---------- Provided records ----------

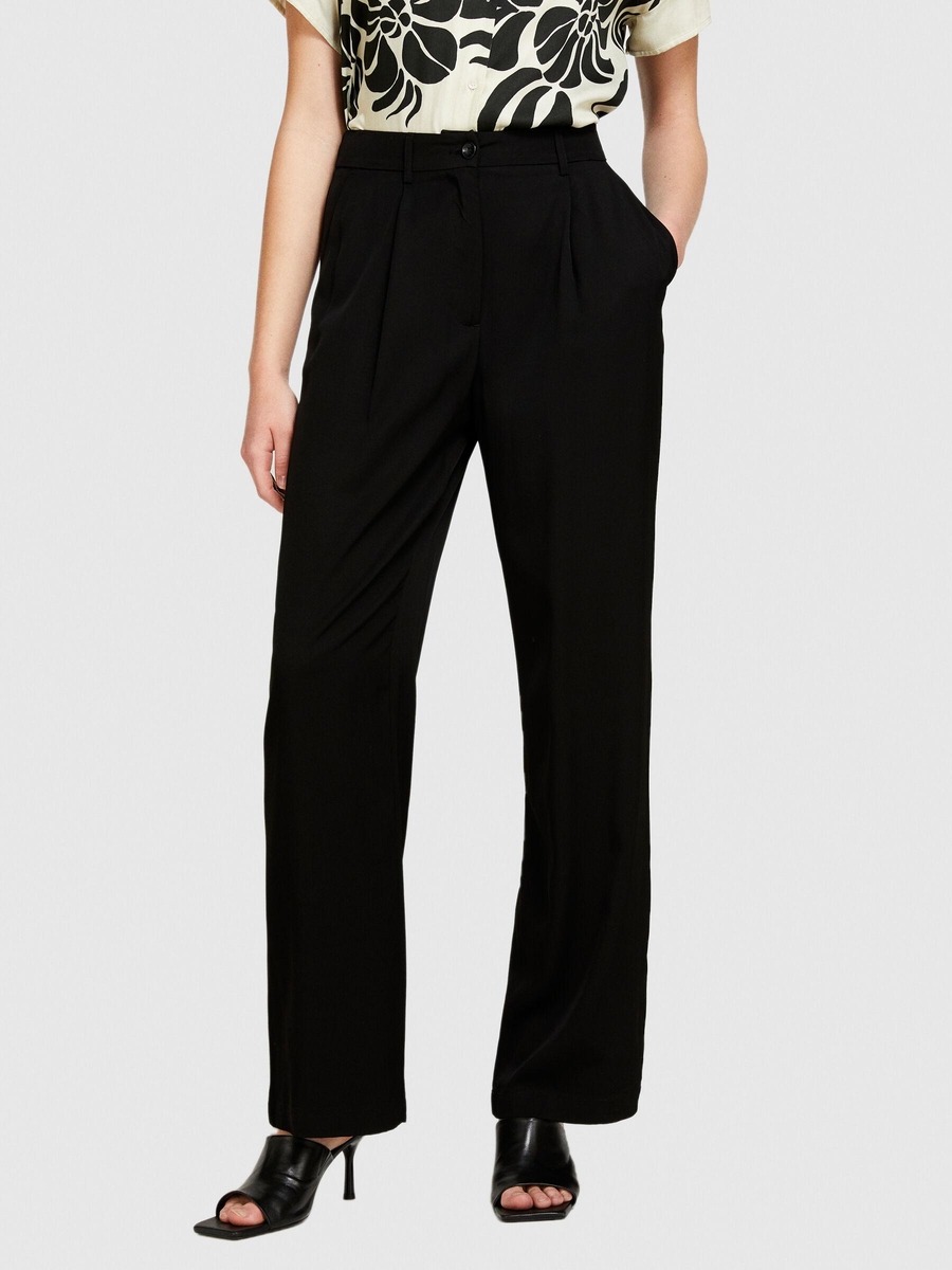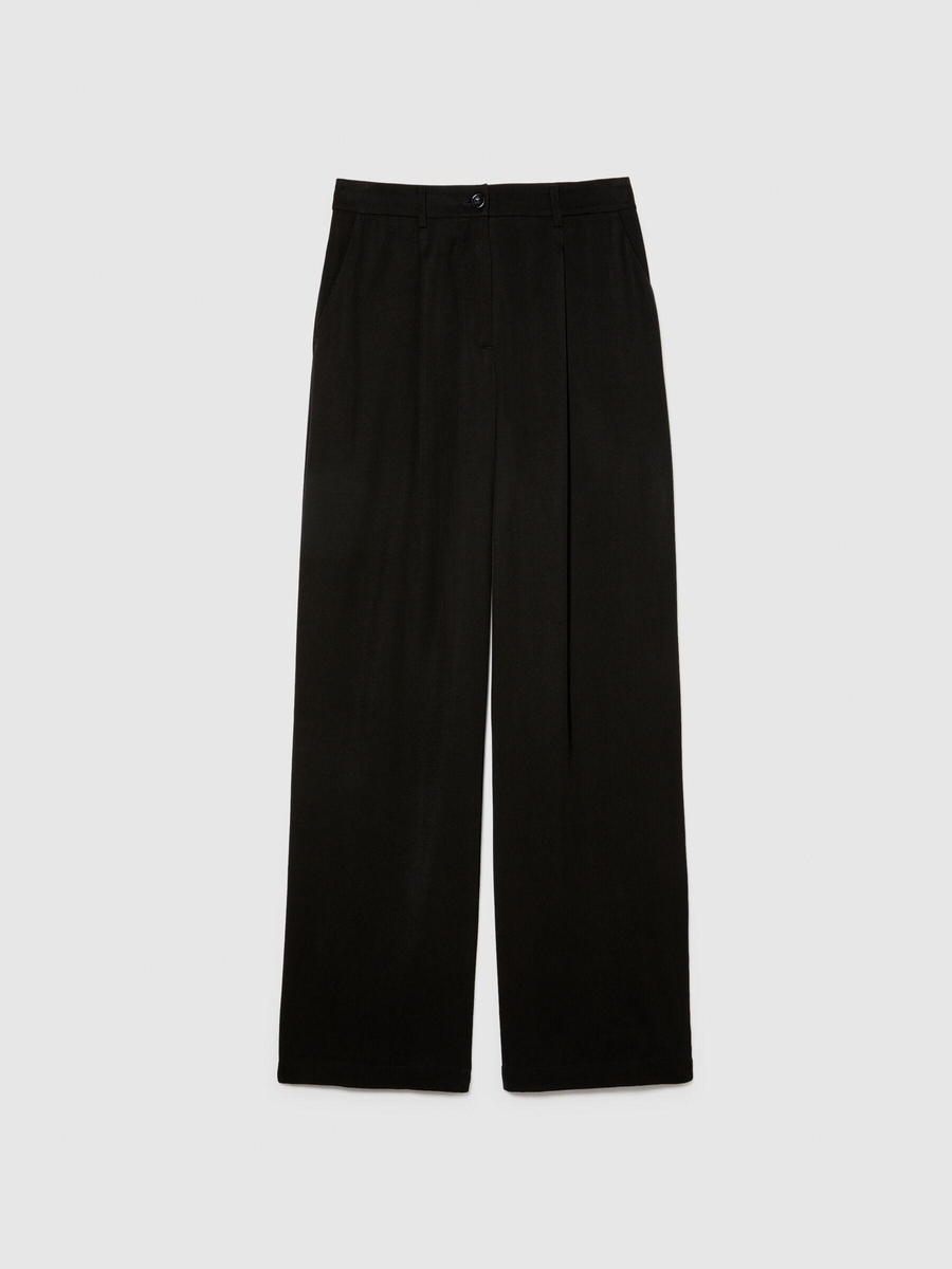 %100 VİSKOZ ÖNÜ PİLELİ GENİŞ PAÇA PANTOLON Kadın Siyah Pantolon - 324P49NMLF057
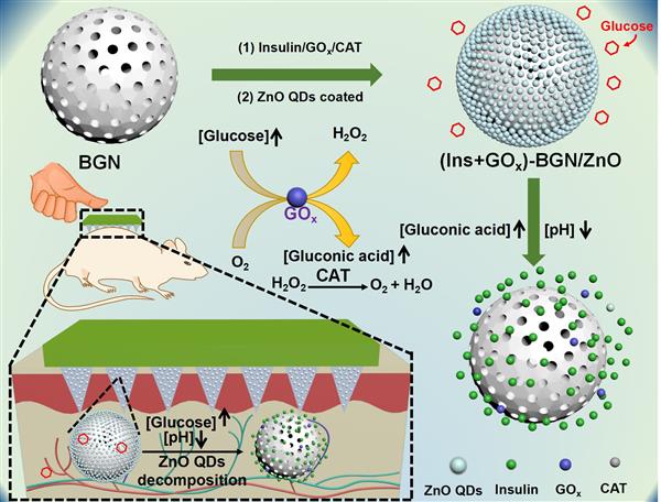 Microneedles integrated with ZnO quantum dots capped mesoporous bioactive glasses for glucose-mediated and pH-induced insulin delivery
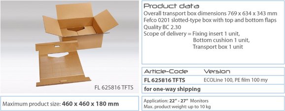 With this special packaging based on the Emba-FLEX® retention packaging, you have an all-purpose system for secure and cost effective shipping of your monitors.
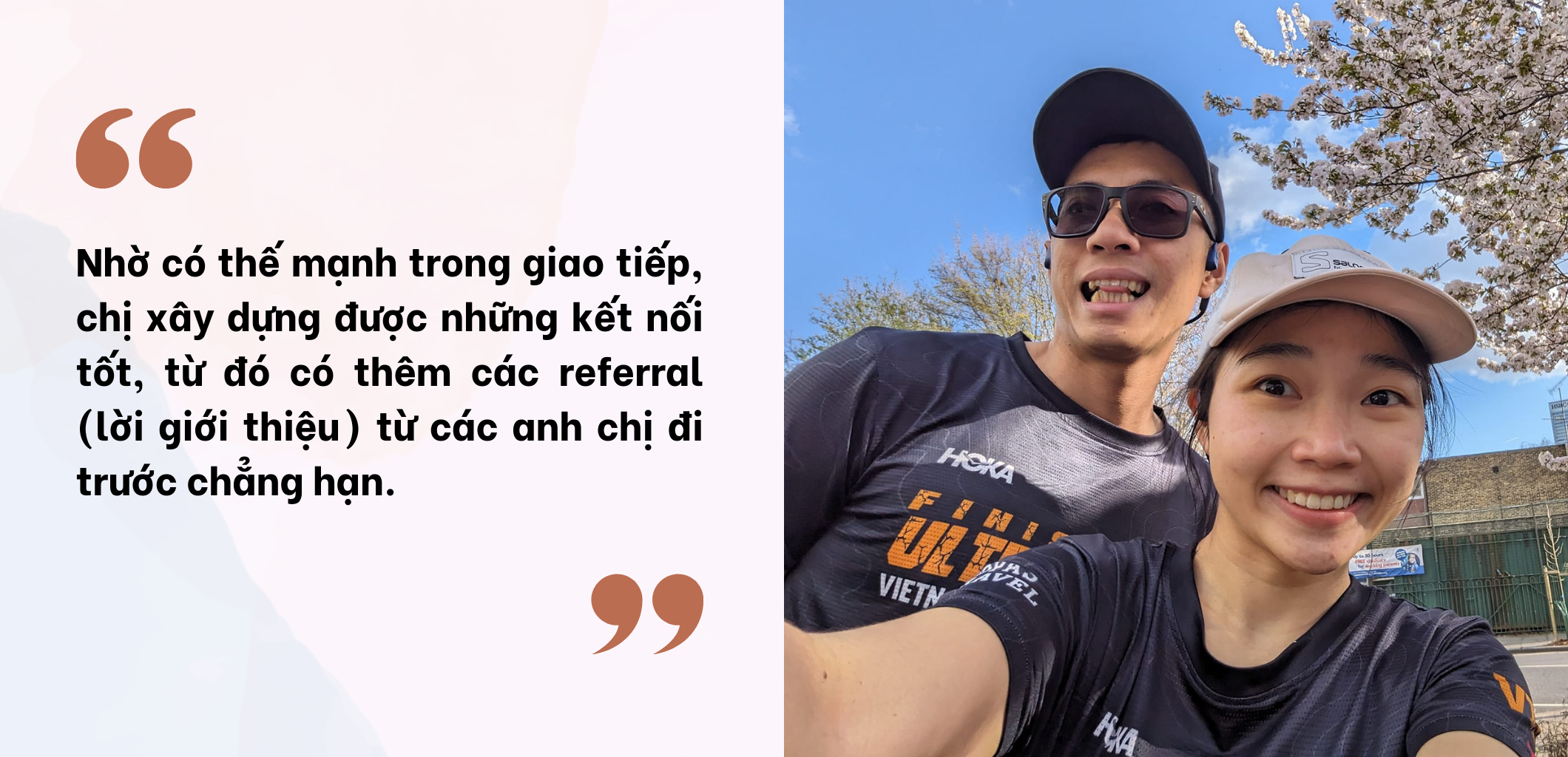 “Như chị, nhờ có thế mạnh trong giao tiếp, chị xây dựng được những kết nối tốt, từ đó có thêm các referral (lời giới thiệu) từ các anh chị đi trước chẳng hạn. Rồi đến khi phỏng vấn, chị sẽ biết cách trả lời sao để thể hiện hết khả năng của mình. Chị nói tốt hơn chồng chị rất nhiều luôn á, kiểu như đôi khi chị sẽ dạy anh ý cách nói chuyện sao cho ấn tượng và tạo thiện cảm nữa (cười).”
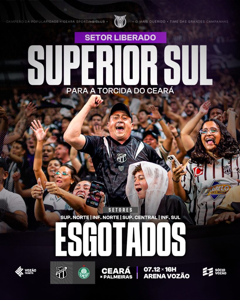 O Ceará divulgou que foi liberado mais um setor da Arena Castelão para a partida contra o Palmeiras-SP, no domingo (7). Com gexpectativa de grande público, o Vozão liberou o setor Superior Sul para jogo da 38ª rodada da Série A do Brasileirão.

----------

Problem -
Write out exactly, please, the lines that start at the one containing "With this special" and run through the final line of the entries, both included, leaving pictures out.

Result -
 With this special packaging based on the Emba-FLEX® retention packaging, you have an all-purpose system for secure and cost effective shipping of your monitors.
 “Như chị, nhờ có thế mạnh trong giao tiếp, chị xây dựng được những kết nối tốt, từ đó có thêm các referral (lời giới thiệu) từ các anh chị đi trước chẳng hạn. Rồi đến khi phỏng vấn, chị sẽ biết cách trả lời sao để thể hiện hết khả năng của mình. Chị nói tốt hơn chồng chị rất nhiều luôn á, kiểu như đôi khi chị sẽ dạy anh ý cách nói chuyện sao cho ấn tượng và tạo thiện cảm nữa (cười).”
 O Ceará divulgou que foi liberado mais um setor da Arena Castelão para a partida contra o Palmeiras-SP, no domingo (7). Com gexpectativa de grande público, o Vozão liberou o setor Superior Sul para jogo da 38ª rodada da Série A do Brasileirão.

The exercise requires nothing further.